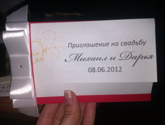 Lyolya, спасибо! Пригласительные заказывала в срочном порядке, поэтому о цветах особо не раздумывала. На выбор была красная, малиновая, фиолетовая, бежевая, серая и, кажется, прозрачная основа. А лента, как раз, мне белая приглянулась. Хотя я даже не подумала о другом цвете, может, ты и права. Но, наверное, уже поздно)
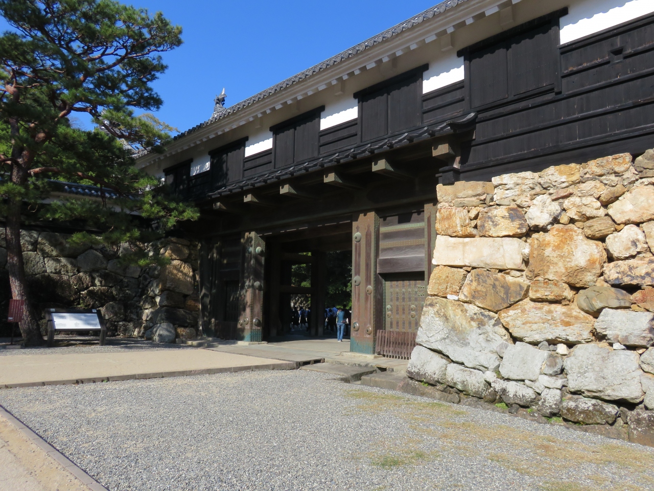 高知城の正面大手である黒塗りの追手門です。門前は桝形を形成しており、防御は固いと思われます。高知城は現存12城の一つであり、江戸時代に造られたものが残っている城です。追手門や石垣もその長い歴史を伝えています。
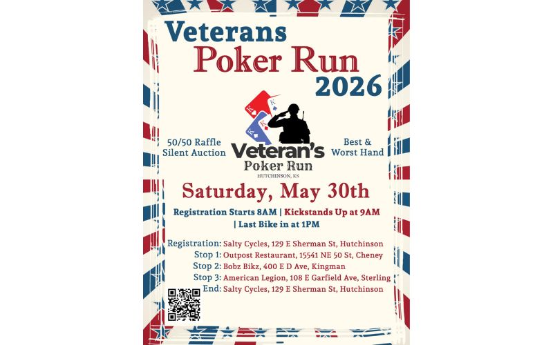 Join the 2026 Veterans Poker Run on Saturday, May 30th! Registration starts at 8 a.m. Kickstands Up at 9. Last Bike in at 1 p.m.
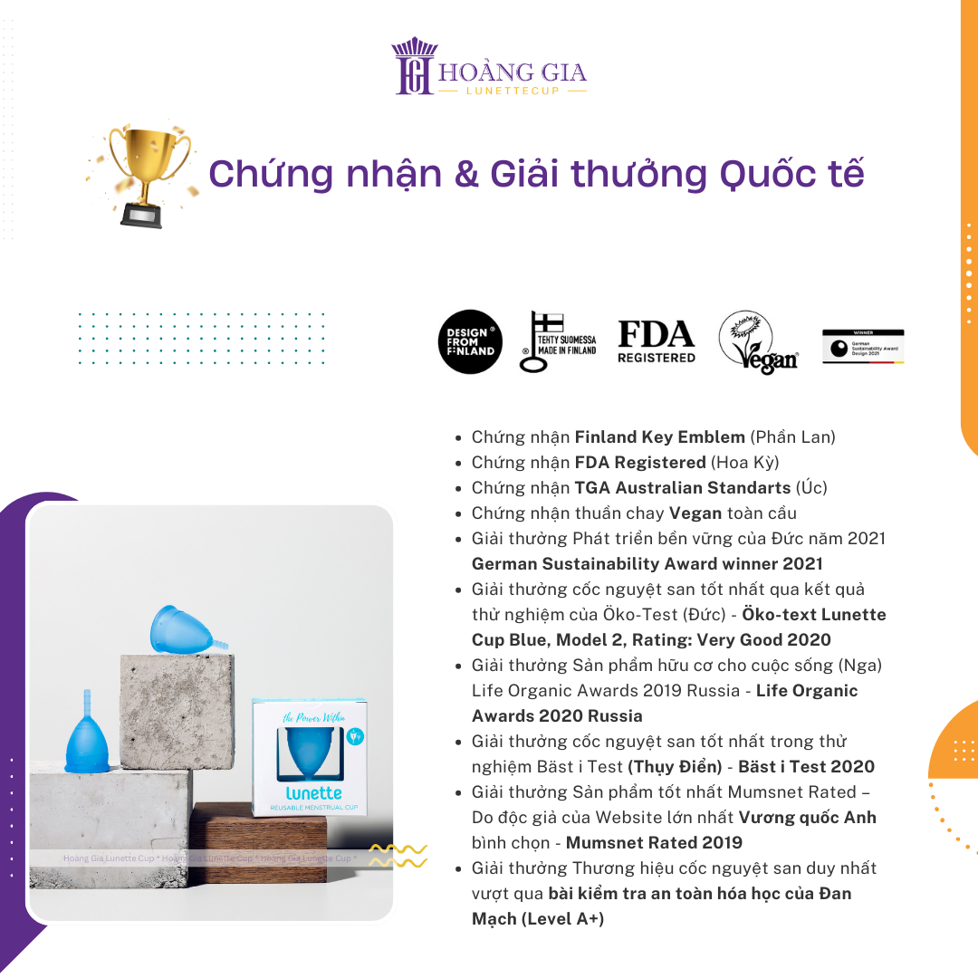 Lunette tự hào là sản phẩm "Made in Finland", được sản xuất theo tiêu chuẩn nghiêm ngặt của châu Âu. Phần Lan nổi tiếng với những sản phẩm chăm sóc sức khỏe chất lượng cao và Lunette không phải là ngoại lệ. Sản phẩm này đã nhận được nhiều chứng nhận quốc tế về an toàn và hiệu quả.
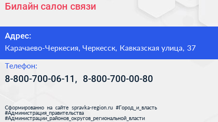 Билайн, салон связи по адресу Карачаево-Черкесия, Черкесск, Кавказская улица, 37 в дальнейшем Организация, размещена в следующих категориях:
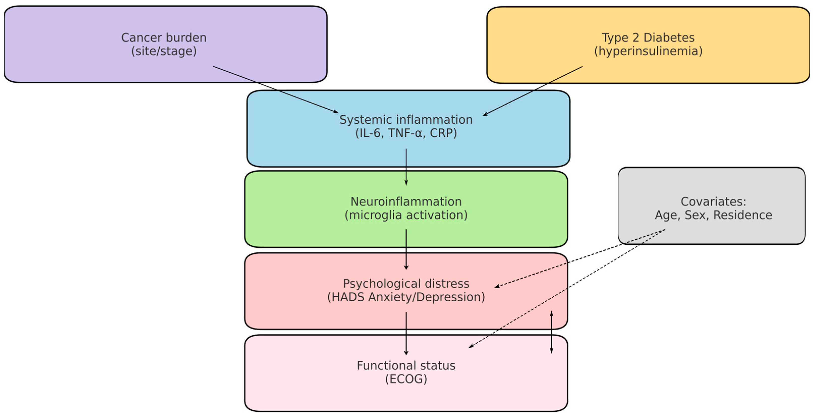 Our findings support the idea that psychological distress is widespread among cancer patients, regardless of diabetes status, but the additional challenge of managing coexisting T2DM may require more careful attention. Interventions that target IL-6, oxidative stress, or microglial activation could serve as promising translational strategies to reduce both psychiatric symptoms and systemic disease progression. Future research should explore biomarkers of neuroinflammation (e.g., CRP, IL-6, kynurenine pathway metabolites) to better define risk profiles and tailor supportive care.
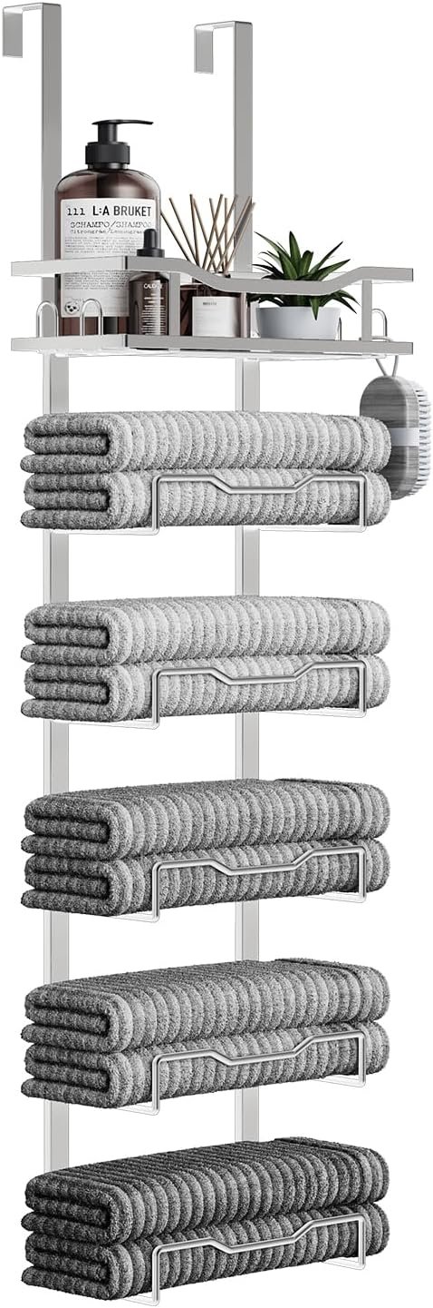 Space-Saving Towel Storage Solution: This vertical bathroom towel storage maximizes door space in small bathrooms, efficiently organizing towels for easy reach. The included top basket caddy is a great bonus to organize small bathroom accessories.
...
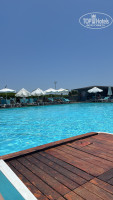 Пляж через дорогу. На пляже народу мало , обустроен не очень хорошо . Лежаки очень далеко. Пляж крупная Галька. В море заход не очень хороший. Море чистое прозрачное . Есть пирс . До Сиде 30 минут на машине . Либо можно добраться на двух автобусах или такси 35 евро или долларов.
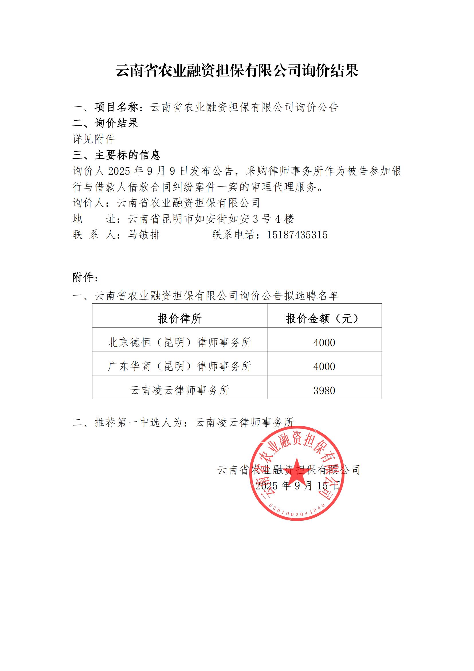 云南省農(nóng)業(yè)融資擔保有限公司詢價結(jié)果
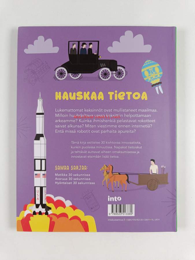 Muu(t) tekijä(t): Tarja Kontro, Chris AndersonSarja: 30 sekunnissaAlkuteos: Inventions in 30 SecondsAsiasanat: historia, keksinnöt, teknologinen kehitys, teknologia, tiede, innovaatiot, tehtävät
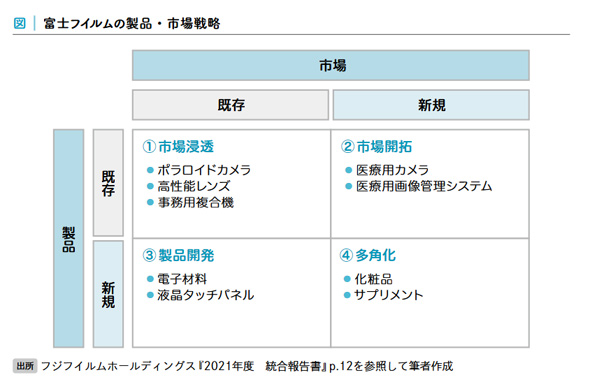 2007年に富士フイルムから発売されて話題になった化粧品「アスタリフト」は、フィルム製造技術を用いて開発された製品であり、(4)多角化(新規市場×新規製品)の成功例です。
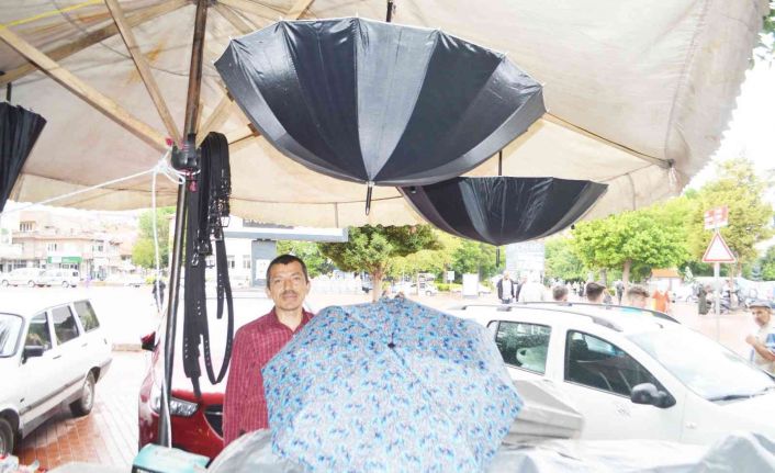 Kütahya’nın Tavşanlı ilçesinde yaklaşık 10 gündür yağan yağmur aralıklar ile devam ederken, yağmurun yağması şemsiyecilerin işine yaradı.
==
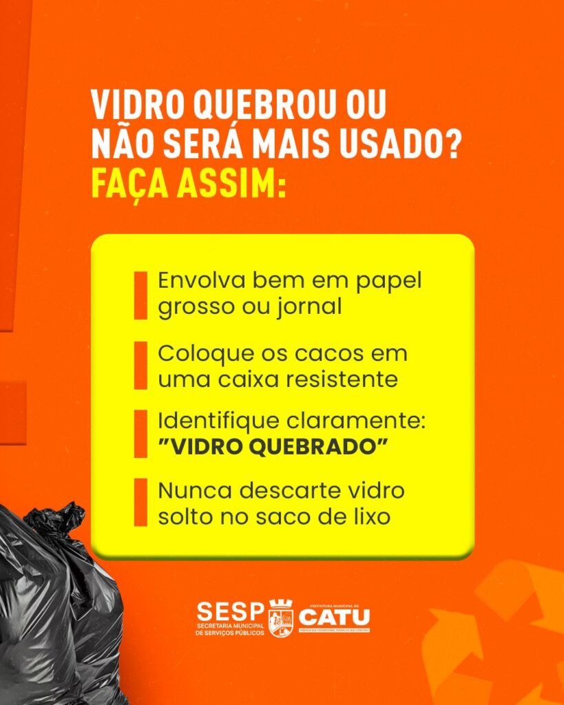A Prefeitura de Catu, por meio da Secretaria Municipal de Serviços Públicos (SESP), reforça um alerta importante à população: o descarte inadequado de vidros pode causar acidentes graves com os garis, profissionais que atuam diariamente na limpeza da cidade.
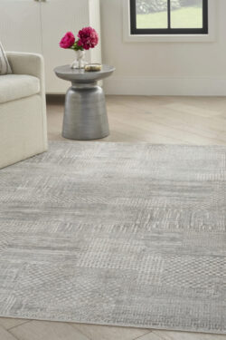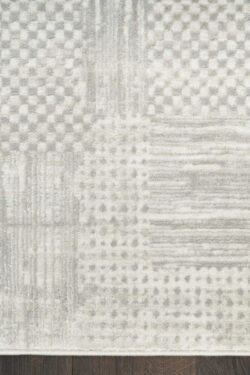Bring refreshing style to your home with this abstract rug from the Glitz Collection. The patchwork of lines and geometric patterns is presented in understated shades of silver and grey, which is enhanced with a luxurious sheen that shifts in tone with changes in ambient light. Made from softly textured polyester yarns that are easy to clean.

## WHAT IS NEEDED:
Each line between the one holding "Билайн, салон связи" and the one holding "Our findings support", inclusive, should be copied exactly as it appears above, and pictures should be omitted.

## THE ANSWER:
 Билайн, салон связи по адресу Карачаево-Черкесия, Черкесск, Кавказская улица, 37 в дальнейшем Организация, размещена в следующих категориях:
 Our findings support the idea that psychological distress is widespread among cancer patients, regardless of diabetes status, but the additional challenge of managing coexisting T2DM may require more careful attention. Interventions that target IL-6, oxidative stress, or microglial activation could serve as promising translational strategies to reduce both psychiatric symptoms and systemic disease progression. Future research should explore biomarkers of neuroinflammation (e.g., CRP, IL-6, kynurenine pathway metabolites) to better define risk profiles and tailor supportive care.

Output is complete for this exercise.